TED Bookstore Jumps Online

Impulse book buyers at this year's conference will have to wait before gratifying their literary desires. Almost everyone is happy about it. By Steve Silberman.

The bookstore at this year's Technology Entertainment Design conference is going virtual.

For the ninth installment of the annual A-list schmooze-a-thon -- to be held in Monterey, California, next month -- TED organizer Richard Saul Wurman has decided to replace the on-site bookstalls with a battery of new iMacs, Aptivas, and Sony VAIOs.

The array will be jacked into a barnesandnoble.com franchise set up for the event, with a sleek front end created by Silicon Alley design firm Funny Garbage, complete with streaming video and animations of previous years' speakers. Barnesandnoble.com will not charge for the shipping of the books in exchange for landing enviable product placement before an affluent and influential clientele.

In an era when many online sales sites attempt to please everyone and cast a wide net, the idea behind the TED site, says Funny Garbage founder Peter Girardi, is tightly targeted, event-specific e-commerce.

"It's really stripped down," he says. "It's not for browsing -- it's for people who know what they want."

It may seem like a no-brainer: bleeding-edge book sales for the most chic high-tech conference of the year, with a speaker schedule that reads like a roster of MacArthur Foundation grant recipients, from choreographer Twyla Tharp to Futurama and The Simpsons creator Matt Groening to RealNetworks founder Rob Glaser.

"It's a cool experiment," says TED program director David Sume. "I like the [Funny Garbage] interface better than barnesandnoble.com or Amazon.com."

Funny Garbage senior producer Rosemary Flannery says that because TED "is a very exclusive, very prestigious conference," it makes sense to take book sales at the event "up to the next step and implement an online bookstore."

One group that is regarding the experiment with a more critical eye is A Clean Well-Lighted Place for Books, the San Francisco-based vendor that has run TED's on-site bookshop for the last eight conferences. Purchases at TED alone have accounted for a quarter of the company's annual out-of-store sales. In the last few years, the firm has felt the pinch from massive mega-chains like Borders and from online book sales. Suburban branches in Larkspur and Cupertino have closed their doors, leaving only the flagship store in San Francisco.

A Clean Well-Lighted Place events coordinator Polly Reiheld questions whether or not the new scheme will provide conference attendees with the same level of service as the over-the-counter sales.
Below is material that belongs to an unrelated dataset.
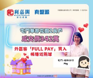 外區客「Full Pay」購屯門華都花園2房戶 成交價342萬元 業主帳賺近兩球

Attendees will not be able to brush up on an author's work before attending an event, she notes.

And they won't be able to have co-author Nathan Myhrvold inscribe his name on the frontispiece of Bill Gates' The Road Ahead.

"People would wander into the bookshop between presentations and find an author sitting there, signing stock," Reiheld says.

In previous years, besides the event-specific titles, the shelves at TED were lined with books that appealed to the attendees' cosmopolitan range of interests, including art books, best sellers, and children's books.

"People would wait all year for our bookstore," Reiheld recalls. "It provided a welcome break from the routine at the conference."

The online bookstore, says Sume, will feature works by presenters like MIT's Nicholas Negroponte and naturalist Jim Fowler, CD-ROMs of previous conferences, and CDs by musicians at TED, such as jazz vibraphonist Gary Burton, the Firesign Theater dada comedy troupe, and legendary composer and producer Quincy Jones.

Though the site's high-bandwidth animations and videos will be served locally, only 15 of the 40 open machines at TED will be exclusively locked into the bookstore. The rest will be available for attendees to surf the Web at large.

"So if Steve Jobs wants to show [documentary filmmaker] Ric Burns his Web site, he can," says Flannery.